* [MATERIAL FOR THE TASK]
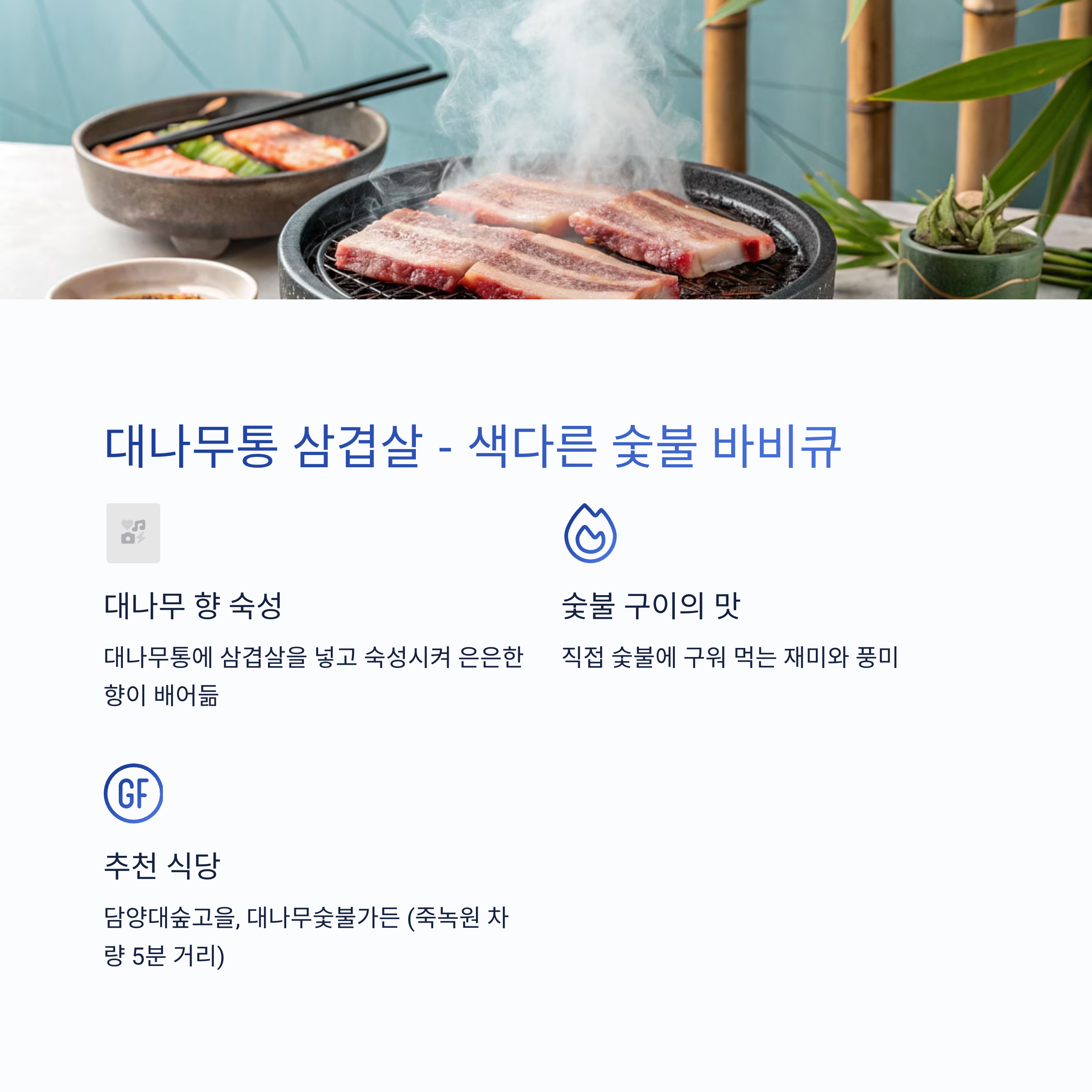 "담양만의 방식으로 굽는 삼겹살, 한 번 먹으면 계속 생각나요."
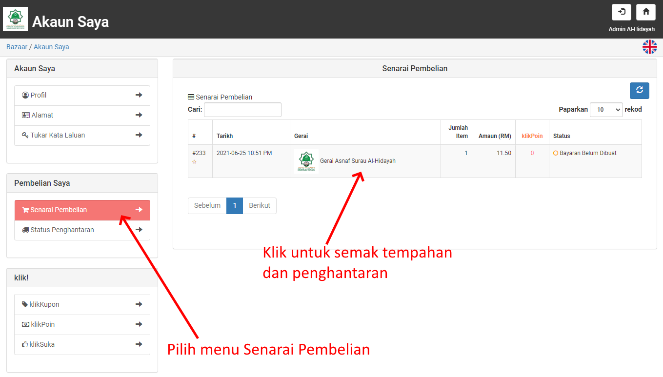 Setelah proses pembayaran selesai, anda boleh klik pada pautan Akaun Saya untuk melihat status tempahan anda. Atau klik pada ikon profile di penjuru kanan atas pada halaman gerai kemudian pilih menu Senarai Pembelian.
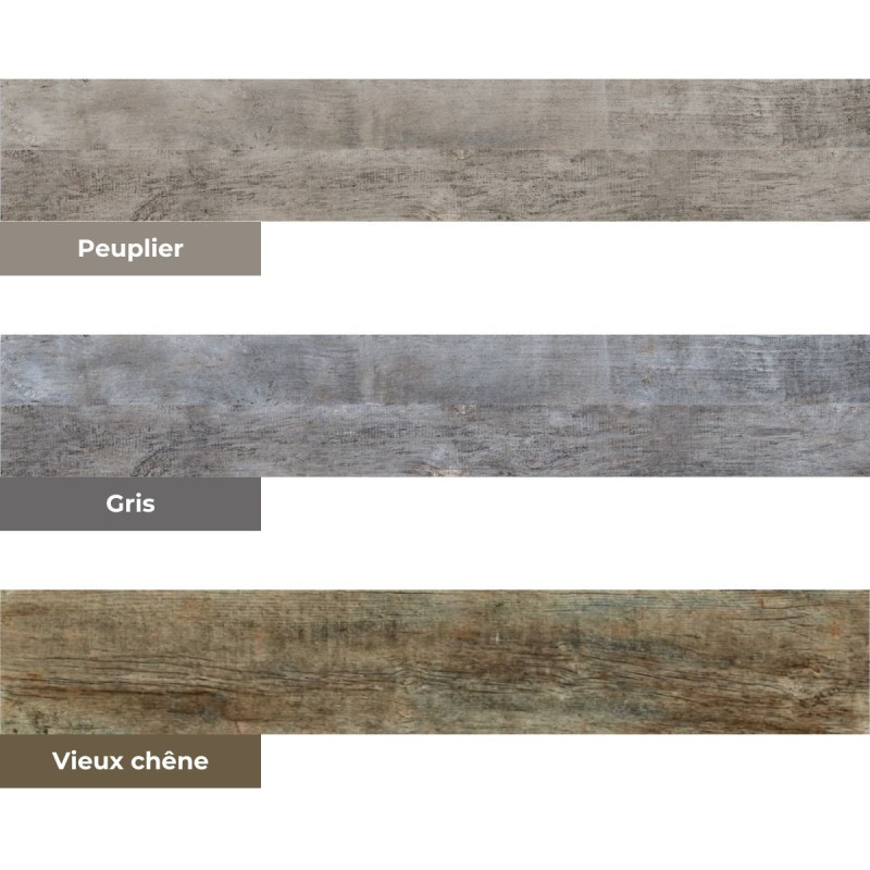 - Résistance à l'usure : Gris, Vieux Chêne : PEI 4 | Peuplier : PEI 5 (EN ISO 10545-7)
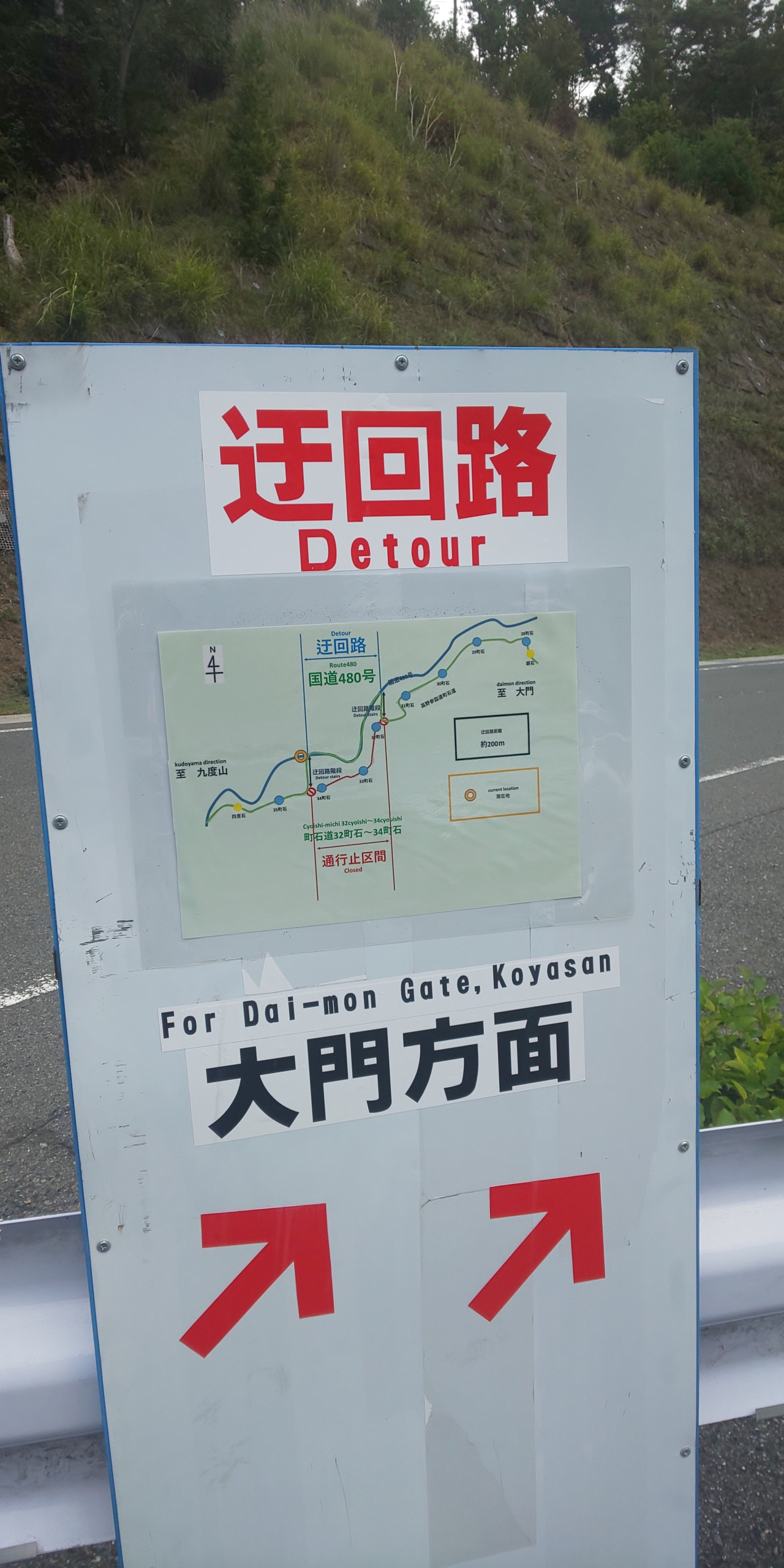 高野山町石道の現状をお伝えします。まず124石付近に行政案内の八丁坂を下りてゴルフ場の中を通り神田地蔵蔵へ迂回する案内があります。これを行くと約1時間ロスタイムと約5Km歩行が増えます。案内に従い迂回するかそのまま工事中のところがある116町石付近を注意して行くかは自己判断となります。
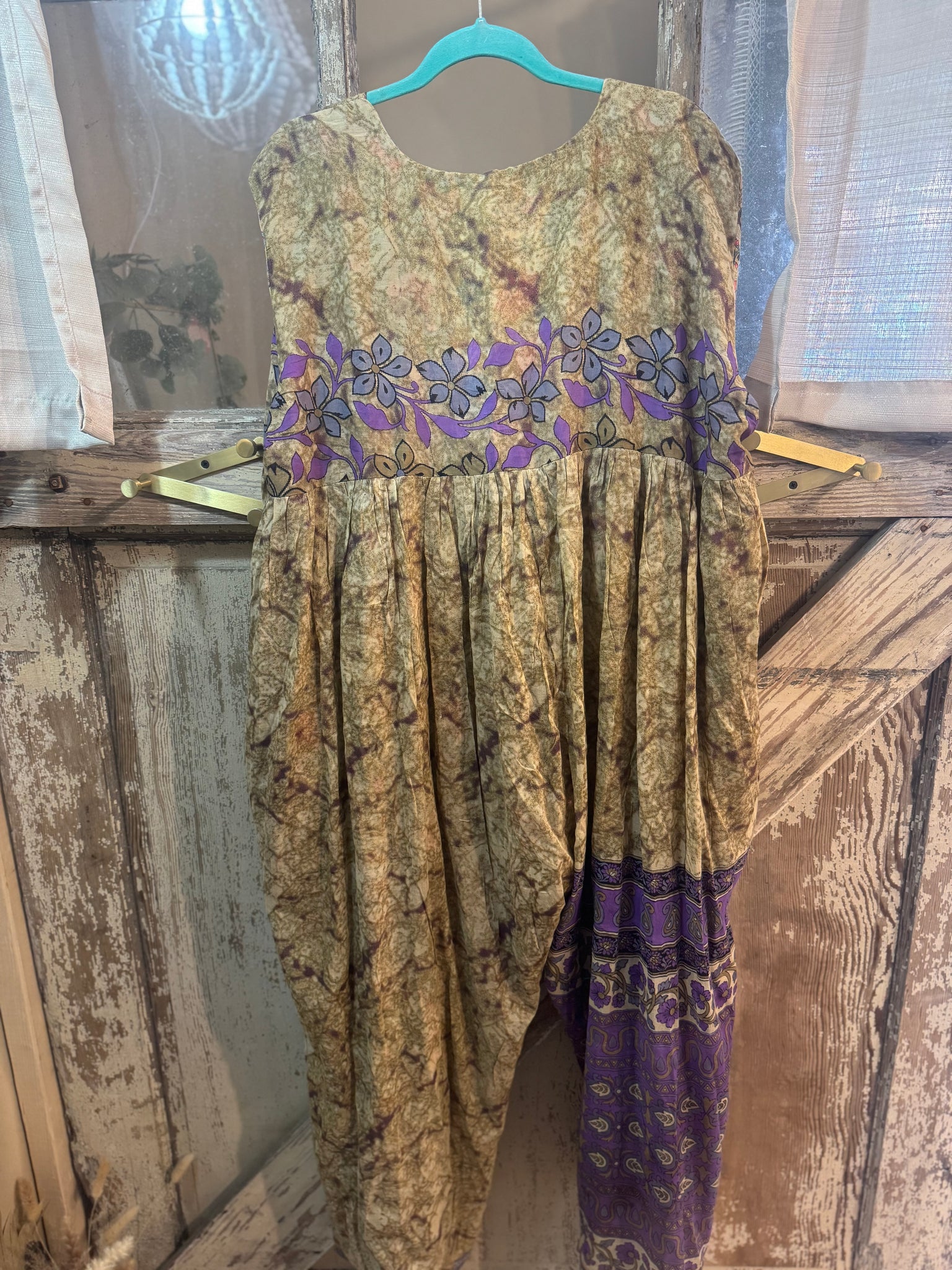 A fully lined, reversible jumpsuit. “ A “ side will be upcycled silk, and the “B” side with be a cotton. YES, 2/ in one! All one of a kind Upcycled prints.  Both sides keep pockets, + keep tie functional waist tie. Free size is going to work for up to 16/18 If youre taller than 5’5, this jumpsuit crotch might be too short for you. I am size 14, 5’8 in the jumpsuit. (Crystal)
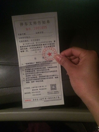 4月2日中午,陈先生在山南新区一家饭店吃饭,他的车子和其它车辆一样就停在饭店门口的空地上,一顿饭吃完,陈先生准备开车离开,突然发现车窗上夹了一张长方形的纸张,这张纸的大小、样式和“车辆罚款单”一个模样,上面清晰的“告知单”几个字让陈先生一下子冒了冷汗。他左右看看两边的车辆,发现每辆车上都夹了一张,难道是城管贴的?陈先生将“告知单”拿在手里,乍一看,上面有“车辆号牌”、“停车地点”的字样和红色的章印,陈先生懊恼地想:吃顿饭100元就这样没了。再仔细看一下,陈先生一下子被逗乐了,原来这是一家车辆服务中心做的小广告,标题是“停车太帅告知单”(如图),告知单上印有该车服中心的各种服务内容。

* [TASK GOAL] Only one stretch of the material above is wanted: the line containing "- Résistance à" through the line containing "高野山町石道の現状をお伝えし". Restate it word for word, minus the pictures.

* [FINAL ANSWER]
 - Résistance à l'usure : Gris, Vieux Chêne : PEI 4 | Peuplier : PEI 5 (EN ISO 10545-7)
 高野山町石道の現状をお伝えします。まず124石付近に行政案内の八丁坂を下りてゴルフ場の中を通り神田地蔵蔵へ迂回する案内があります。これを行くと約1時間ロスタイムと約5Km歩行が増えます。案内に従い迂回するかそのまま工事中のところがある116町石付近を注意して行くかは自己判断となります。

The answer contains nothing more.